Task item → Pictures in the records below must be left out. Return exactly the lines from the line with "<B>1877-S<25C> MS65 PCGS.</B></I>" to the line with "In den Seitenteilen", both included.

Data in this exercise →
------------------------------------------------------------------------

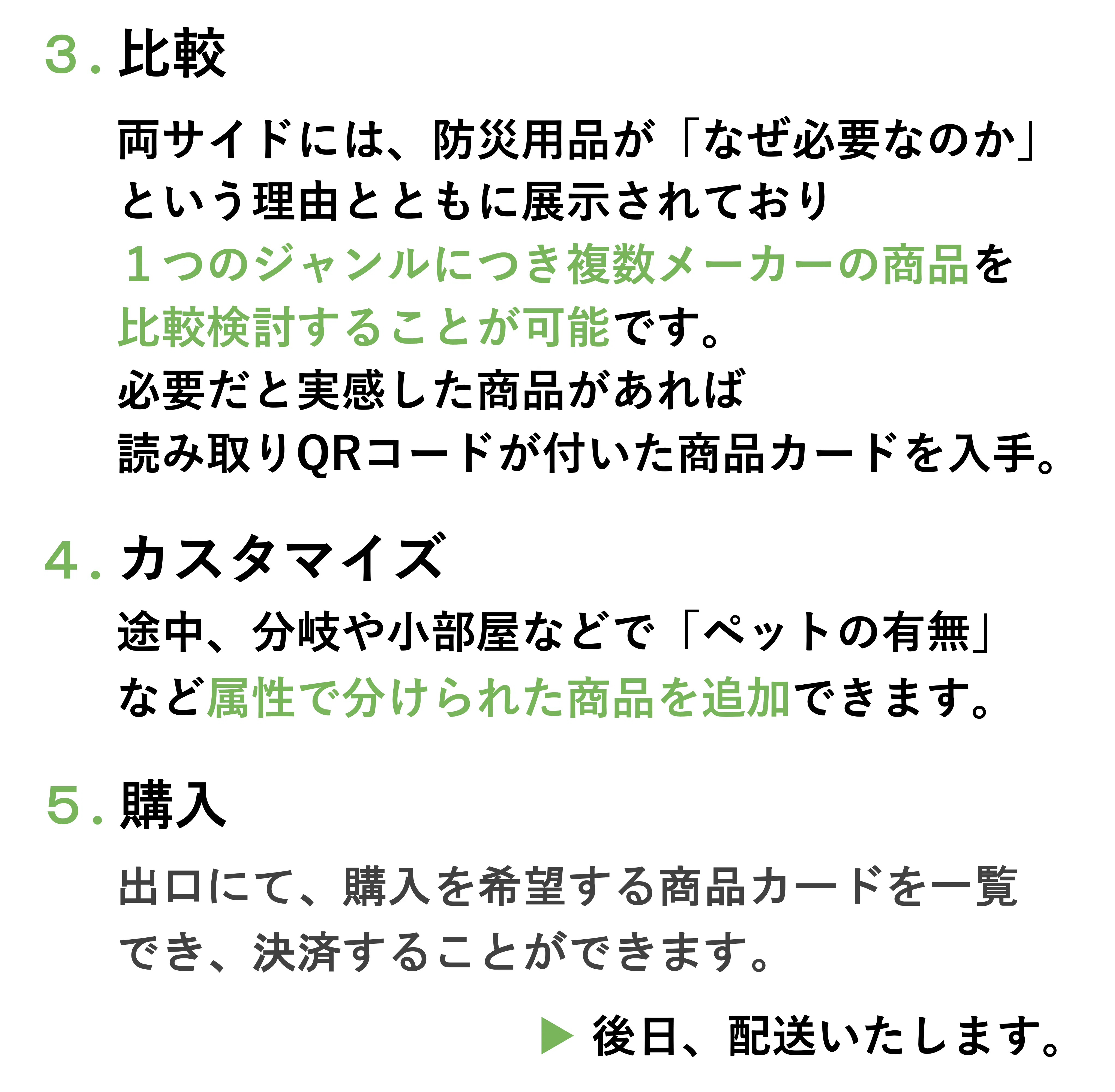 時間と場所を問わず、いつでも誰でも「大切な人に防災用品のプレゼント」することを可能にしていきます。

------------------------------------------------------------------------

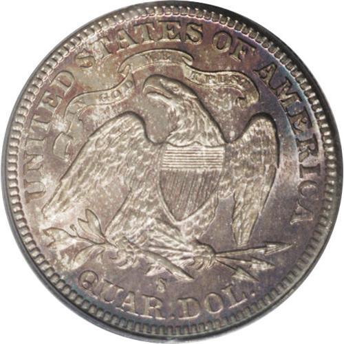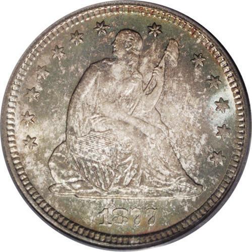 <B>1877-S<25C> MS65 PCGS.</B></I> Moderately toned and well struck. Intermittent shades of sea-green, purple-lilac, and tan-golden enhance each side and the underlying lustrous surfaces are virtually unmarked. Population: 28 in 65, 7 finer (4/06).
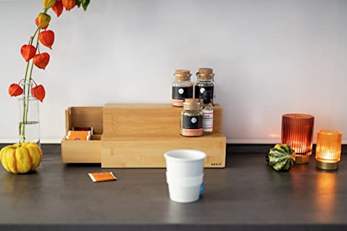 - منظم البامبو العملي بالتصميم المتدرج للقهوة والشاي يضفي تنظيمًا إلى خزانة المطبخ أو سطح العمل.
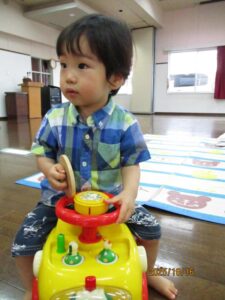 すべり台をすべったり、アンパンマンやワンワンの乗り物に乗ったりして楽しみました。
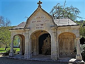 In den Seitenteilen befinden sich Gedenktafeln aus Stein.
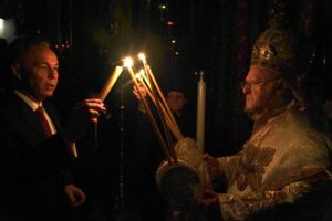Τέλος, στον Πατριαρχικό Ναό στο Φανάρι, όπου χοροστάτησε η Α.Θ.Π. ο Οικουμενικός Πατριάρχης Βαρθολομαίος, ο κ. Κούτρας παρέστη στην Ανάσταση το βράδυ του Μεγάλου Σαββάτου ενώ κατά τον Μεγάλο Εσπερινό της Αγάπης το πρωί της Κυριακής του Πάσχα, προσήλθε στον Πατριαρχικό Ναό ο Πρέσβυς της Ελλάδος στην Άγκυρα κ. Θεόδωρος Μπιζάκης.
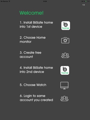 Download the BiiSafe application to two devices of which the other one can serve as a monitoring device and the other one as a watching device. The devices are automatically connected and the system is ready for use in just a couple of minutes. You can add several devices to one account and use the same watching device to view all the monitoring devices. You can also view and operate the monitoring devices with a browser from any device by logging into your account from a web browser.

------------------------------------------------------------------------

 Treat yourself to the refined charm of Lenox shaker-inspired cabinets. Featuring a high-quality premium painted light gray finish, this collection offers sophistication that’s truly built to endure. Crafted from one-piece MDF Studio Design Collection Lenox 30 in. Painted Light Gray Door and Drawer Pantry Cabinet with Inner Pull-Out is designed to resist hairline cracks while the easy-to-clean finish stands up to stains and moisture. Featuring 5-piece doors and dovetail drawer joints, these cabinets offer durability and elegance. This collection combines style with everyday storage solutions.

------------------------------------------------------------------------

Reply to the exercise →
 <B>1877-S<25C> MS65 PCGS.</B></I> Moderately toned and well struck. Intermittent shades of sea-green, purple-lilac, and tan-golden enhance each side and the underlying lustrous surfaces are virtually unmarked. Population: 28 in 65, 7 finer (4/06).
 - منظم البامبو العملي بالتصميم المتدرج للقهوة والشاي يضفي تنظيمًا إلى خزانة المطبخ أو سطح العمل.
 すべり台をすべったり、アンパンマンやワンワンの乗り物に乗ったりして楽しみました。
 In den Seitenteilen befinden sich Gedenktafeln aus Stein.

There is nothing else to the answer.